Re: write count increase after 1.2 update

Posted by aaron morton <aa...@thelastpickle.com>.

You *may* be seeing this https://issues.apache.org/jira/browse/CASSANDRA-2503

It was implemented in 1.1.0 but perhaps data in the original cluster is more compacted than the new one. 

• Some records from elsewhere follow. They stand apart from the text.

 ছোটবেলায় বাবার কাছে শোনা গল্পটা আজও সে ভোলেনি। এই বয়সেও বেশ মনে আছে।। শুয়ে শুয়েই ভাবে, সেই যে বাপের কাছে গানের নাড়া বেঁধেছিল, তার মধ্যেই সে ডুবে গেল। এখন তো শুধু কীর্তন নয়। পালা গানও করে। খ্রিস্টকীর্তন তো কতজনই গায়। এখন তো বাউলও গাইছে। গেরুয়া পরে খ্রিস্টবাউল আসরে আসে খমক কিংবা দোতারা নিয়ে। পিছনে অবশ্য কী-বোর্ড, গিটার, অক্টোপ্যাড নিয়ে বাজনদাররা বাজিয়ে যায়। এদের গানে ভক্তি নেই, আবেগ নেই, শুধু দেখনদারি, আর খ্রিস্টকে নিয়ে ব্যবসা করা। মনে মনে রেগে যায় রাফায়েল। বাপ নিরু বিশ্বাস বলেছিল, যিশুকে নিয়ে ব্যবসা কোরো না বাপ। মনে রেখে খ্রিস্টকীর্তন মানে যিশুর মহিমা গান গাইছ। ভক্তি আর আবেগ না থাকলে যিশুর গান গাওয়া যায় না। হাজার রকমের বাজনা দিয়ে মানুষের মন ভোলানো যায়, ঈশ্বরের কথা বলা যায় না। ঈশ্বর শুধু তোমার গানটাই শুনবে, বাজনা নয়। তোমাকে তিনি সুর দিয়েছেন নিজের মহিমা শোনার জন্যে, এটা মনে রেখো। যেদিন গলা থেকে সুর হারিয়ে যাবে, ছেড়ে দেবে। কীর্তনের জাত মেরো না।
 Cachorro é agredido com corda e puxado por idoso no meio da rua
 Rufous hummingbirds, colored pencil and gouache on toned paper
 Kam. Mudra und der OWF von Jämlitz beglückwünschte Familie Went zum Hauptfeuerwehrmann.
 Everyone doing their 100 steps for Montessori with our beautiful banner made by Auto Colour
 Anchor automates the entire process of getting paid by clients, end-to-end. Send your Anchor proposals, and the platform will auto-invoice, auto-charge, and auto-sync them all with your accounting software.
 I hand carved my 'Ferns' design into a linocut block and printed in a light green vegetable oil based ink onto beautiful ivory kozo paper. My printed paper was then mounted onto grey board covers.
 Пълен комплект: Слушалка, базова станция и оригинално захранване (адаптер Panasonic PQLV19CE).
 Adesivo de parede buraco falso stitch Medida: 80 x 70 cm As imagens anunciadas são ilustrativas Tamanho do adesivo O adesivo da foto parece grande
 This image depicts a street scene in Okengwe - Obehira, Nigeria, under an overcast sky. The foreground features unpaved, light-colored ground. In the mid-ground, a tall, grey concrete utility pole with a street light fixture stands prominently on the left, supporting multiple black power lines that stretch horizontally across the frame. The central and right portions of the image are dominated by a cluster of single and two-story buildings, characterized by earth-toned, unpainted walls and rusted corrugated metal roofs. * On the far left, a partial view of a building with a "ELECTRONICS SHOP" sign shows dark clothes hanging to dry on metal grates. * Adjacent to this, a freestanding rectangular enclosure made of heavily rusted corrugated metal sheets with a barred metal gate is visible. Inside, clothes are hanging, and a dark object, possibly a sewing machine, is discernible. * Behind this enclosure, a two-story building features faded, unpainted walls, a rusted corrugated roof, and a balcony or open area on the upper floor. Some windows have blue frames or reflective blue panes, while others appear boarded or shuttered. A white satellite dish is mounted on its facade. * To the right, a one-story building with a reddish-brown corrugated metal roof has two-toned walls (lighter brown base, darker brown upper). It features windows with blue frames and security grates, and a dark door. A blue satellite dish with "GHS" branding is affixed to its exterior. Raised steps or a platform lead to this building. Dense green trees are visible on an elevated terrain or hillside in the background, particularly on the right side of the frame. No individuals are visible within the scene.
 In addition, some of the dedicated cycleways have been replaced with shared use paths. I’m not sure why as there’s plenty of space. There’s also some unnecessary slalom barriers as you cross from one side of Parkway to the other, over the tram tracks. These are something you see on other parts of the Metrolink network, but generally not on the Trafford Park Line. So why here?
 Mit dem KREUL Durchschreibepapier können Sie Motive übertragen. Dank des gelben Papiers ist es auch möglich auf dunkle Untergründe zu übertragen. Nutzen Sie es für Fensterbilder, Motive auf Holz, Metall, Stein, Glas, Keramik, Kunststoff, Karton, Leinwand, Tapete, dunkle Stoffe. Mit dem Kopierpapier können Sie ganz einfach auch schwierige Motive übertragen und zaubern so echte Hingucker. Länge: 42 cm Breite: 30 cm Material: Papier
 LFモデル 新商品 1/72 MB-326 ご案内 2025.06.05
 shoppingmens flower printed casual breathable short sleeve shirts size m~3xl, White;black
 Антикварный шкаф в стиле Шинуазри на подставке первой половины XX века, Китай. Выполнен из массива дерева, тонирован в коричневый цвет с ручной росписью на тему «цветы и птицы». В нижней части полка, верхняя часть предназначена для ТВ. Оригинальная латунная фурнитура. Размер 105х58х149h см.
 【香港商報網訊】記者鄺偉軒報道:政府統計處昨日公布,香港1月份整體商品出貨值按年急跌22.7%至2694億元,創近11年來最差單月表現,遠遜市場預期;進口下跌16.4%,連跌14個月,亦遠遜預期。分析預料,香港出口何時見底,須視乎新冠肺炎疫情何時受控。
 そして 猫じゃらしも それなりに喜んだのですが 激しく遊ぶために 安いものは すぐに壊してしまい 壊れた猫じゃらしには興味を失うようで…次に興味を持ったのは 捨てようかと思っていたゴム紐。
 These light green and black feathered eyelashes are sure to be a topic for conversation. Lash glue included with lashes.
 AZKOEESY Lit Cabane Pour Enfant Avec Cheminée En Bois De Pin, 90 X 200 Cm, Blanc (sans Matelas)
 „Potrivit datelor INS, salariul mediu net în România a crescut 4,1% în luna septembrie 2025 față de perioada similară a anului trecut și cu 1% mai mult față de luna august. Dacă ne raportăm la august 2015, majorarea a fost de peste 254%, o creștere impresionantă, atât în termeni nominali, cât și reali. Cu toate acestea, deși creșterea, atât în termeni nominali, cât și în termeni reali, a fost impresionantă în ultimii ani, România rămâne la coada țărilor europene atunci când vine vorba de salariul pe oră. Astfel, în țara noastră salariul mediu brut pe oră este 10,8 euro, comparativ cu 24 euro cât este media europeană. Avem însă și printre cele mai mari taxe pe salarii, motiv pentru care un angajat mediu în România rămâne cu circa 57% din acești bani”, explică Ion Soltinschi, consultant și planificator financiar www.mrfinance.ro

Are the increases for all CF's are just a few?
Do you have a work load of infrequent writes to rows followed by wide reads ?

Cheers

-----------------
Aaron Morton
Freelance Cassandra Developer
New Zealand

@aaronmorton
http://www.thelastpickle.com

On 16/01/2013, at 6:23 AM, Reik Schatz <re...@gmail.com> wrote:

> Hi, we are running a 1.1.6 (datastax) test cluster with 6 nodes. After the recent 1.2 release we have set up a second cluster - also having 6 nodes running 1.2 (datastax).
> 
> They are now running in parallel. We noticed an increase in the number of writes in our monitoring tool (Datadog). The tool is using the write count statistic of nodetool cfstats. So we ran nodetool cfstats on one node in each cluster. To get an initial write count. Then we ran it again after 60 sec. It looks like the 1.2 received about twice the amount of writes. 
> 
> The way our application is designed is that the writes are idempotent, so we don't see a size increase. Were there any changes in between 1.1.6 > 1.2 that could explain this behavior?
> 
> I know that 1.2 has the concept of virtual nodes, to spread out the data more evenly. So if the "write count" value was actually the sum of all writes to all nodes in the, this increase would make sense.
> 
> Reik
> 
> ps. the clusters are not 100% identical. i.e. since bloom filters are now off-heap, we changed settings for heap size and memtables. Cluster 1.1.6: heap 8G, memtables 1/3 of heap. Cluster 1.2.0: heap 4G, memtables 2G. Not sure it can have an impact on the problem.